O_DIRECT is not a substitute for fsync(). It only guarantees that data gets to the storage device cache, which is not durable in most cases.


My understanding is that the storage device cache is opaque, that is, drives tend to lie, saying the write is done when it is in cache, and depend on having enough internal power capacity to flush on power loss.


Consumer devices sometimes lie (enterprise products less so), but there is a distinction between O_DIRECT and actual fsync at the protocol layer (e.g., in NVMe, fsync maps into a Flush command).


> But database engines are absolutely the target of io_uring's feature set and they're expected to be managing this complexity.

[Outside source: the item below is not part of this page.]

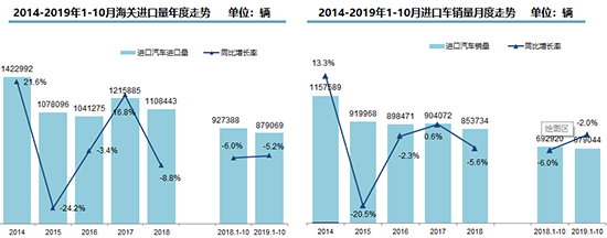 同比微降2.0%,降幅相比2018年收窄3.6個(gè)百分點(diǎn)。其中,受2018年關(guān)稅稅率下調(diào)和國(guó)六實(shí)施影響,進(jìn)口車銷量大起大落,在二季度增長(zhǎng)22.1%之后,市場(chǎng)再次進(jìn)入下行通道。

io_uring includes an fsync opcode (with range support). When folks talk about fsync generally here, they're not saying the io_uring is unusable, they're saying that they'd expect the fsync to be used whether it's via the io_uring opcode, the system call, or some other mechanism yet to be created.


That's not what O_DIRECT is for. Did you mean O_SYNC ?


Is that's true (notwithstanding objections from sibling comments) then that's just another spelling of fsync.

My point was really: you can't magically get the performance benefits of omitting fsync (or functional equivalent) while still getting the durability guarantees it gives.